The last two points (leftmost two points) can be removed without affecting the result and this bug

rmanoka commented 1 year ago

Can you try with f64 precision? The points may be too large for f32 to correctly work. You can also try subtracting out the first point, before calling the algo to see if that fixes it.

YikChingTsui commented 1 year ago

Thanks for the suggestion, f64 works correctly. Interestingly, 32-bit precision still fails even after subtracting the points so that the leftmost point is at the origin. Not the first time I've encountered floating point issues. Hopefully I won't get an edge case where 64-bit fails too, otherwise I could consider a rational/fraction type instead of floats

rmanoka commented 1 year ago

Yes, generally, floating-point numbers has some caveats when converting between display and internal representation.

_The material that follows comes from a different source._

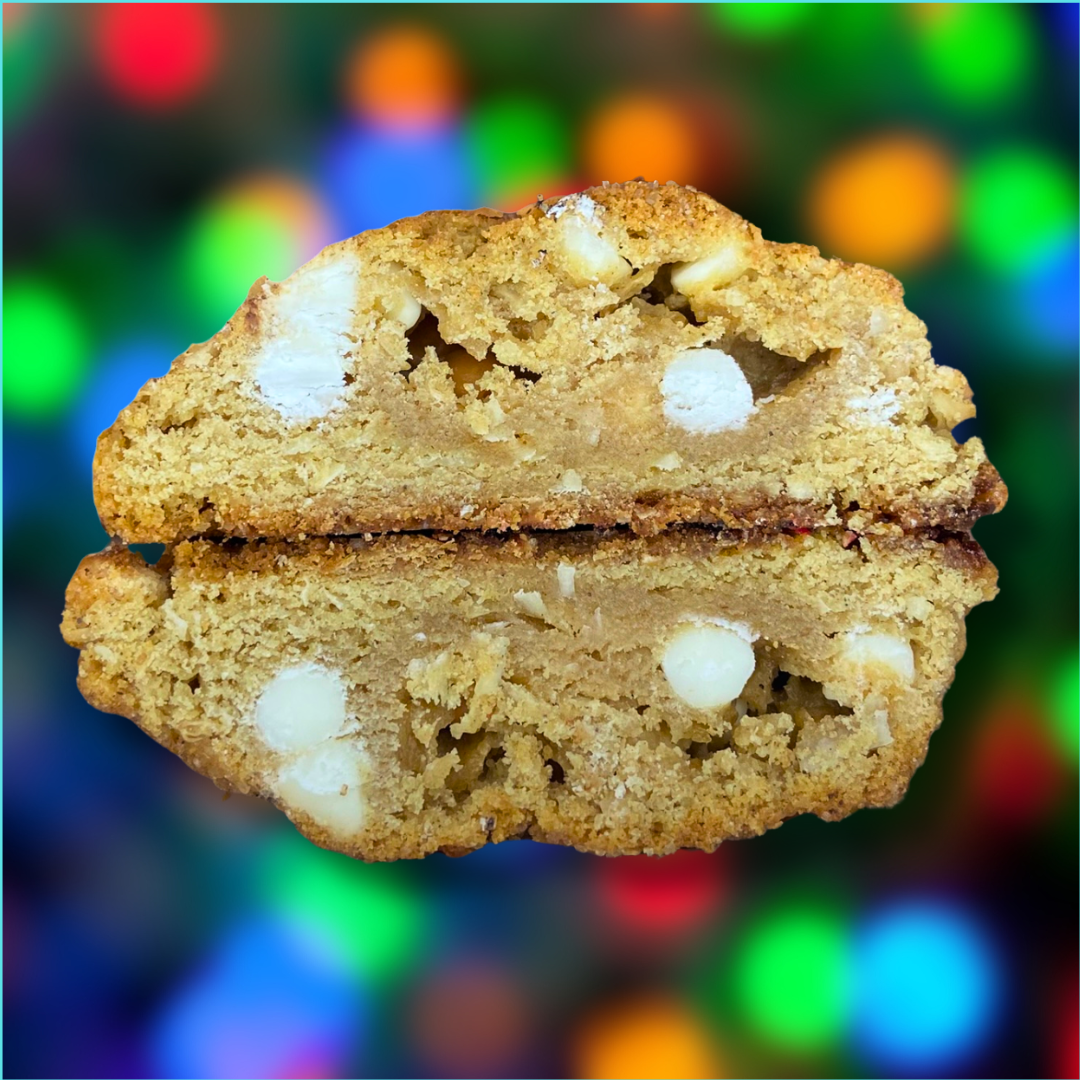 The coquito-inspired brown sugar cookie warmed with rum, vanilla, and coconut extracts and spiced with cinnamon—a flavor combo so smooth, it might as well float beside you like Jack’s loyal spectral pup. Each bite is packed with white chocolate chips, caramel nibs, and shredded coconut, all rolled in toasty coconut flakes and cinnamon sugar.

For instance, 0.1_f64 + 0.2 == 0.3 evaluates to false. This is because, 0.1 is not representible in f64 (or f32), and it's approximated. Now, the degree of this approximation depends on the float type, and in your input I believe the extra point is approximated to fall outside the "true conv hull" when using f32.

If you want to use fixed point/precision, please scale and convert to integers and run the hull (the crate supports hull on i32 or i64 points).

rmanoka commented 1 year ago

Closing; the output is correct for the given input (and data type).